**DATA PROVIDED**
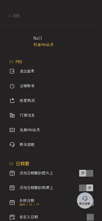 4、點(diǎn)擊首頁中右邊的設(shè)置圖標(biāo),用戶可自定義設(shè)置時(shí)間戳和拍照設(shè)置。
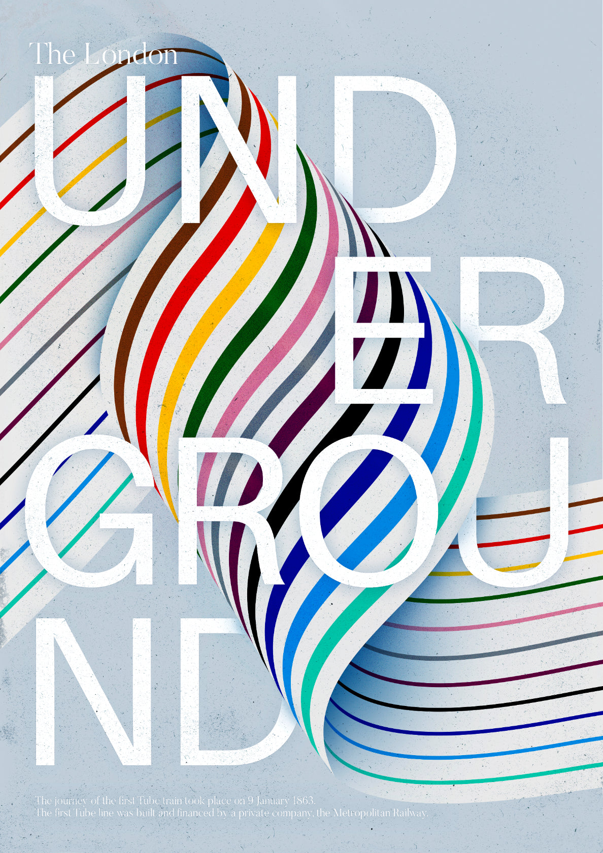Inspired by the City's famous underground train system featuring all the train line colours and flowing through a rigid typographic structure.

--

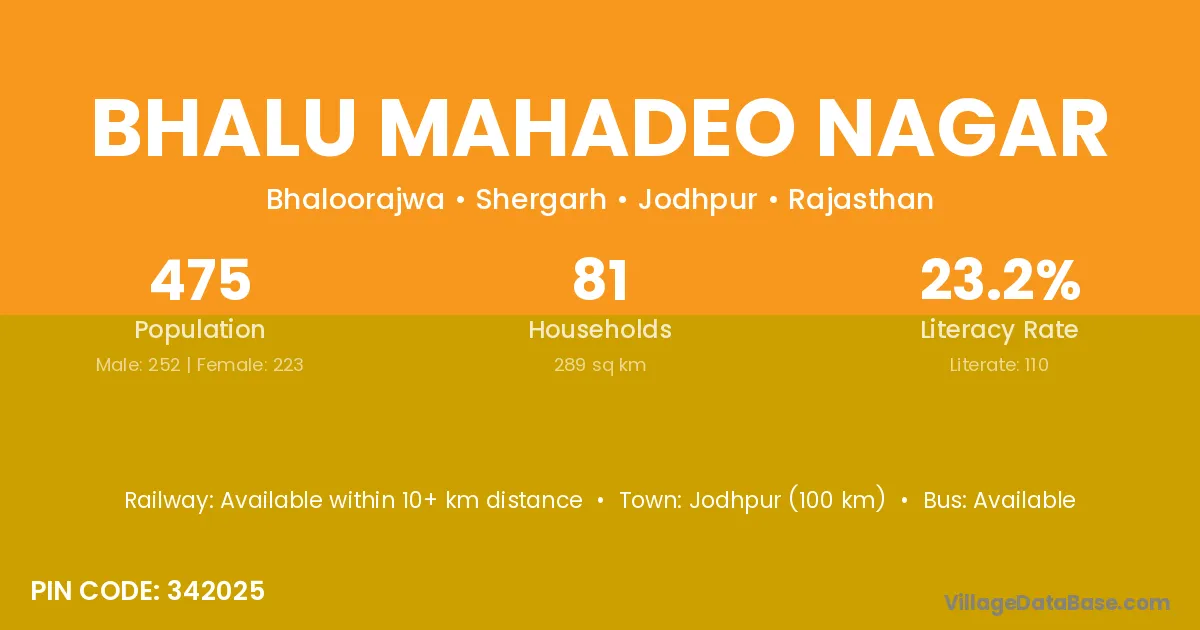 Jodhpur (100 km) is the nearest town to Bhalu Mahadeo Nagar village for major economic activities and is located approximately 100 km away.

**WHAT NEEDS TO BE DONE**
After locating the line containing "4、點(diǎn)擊首頁中右" in the entries above, return it and every line after it exactly, ending at the line containing "Inspired by the", without pictures.

**WORKED SOLUTION**
 4、點(diǎn)擊首頁中右邊的設(shè)置圖標(biāo),用戶可自定義設(shè)置時(shí)間戳和拍照設(shè)置。
Inspired by the City's famous underground train system featuring all the train line colours and flowing through a rigid typographic structure.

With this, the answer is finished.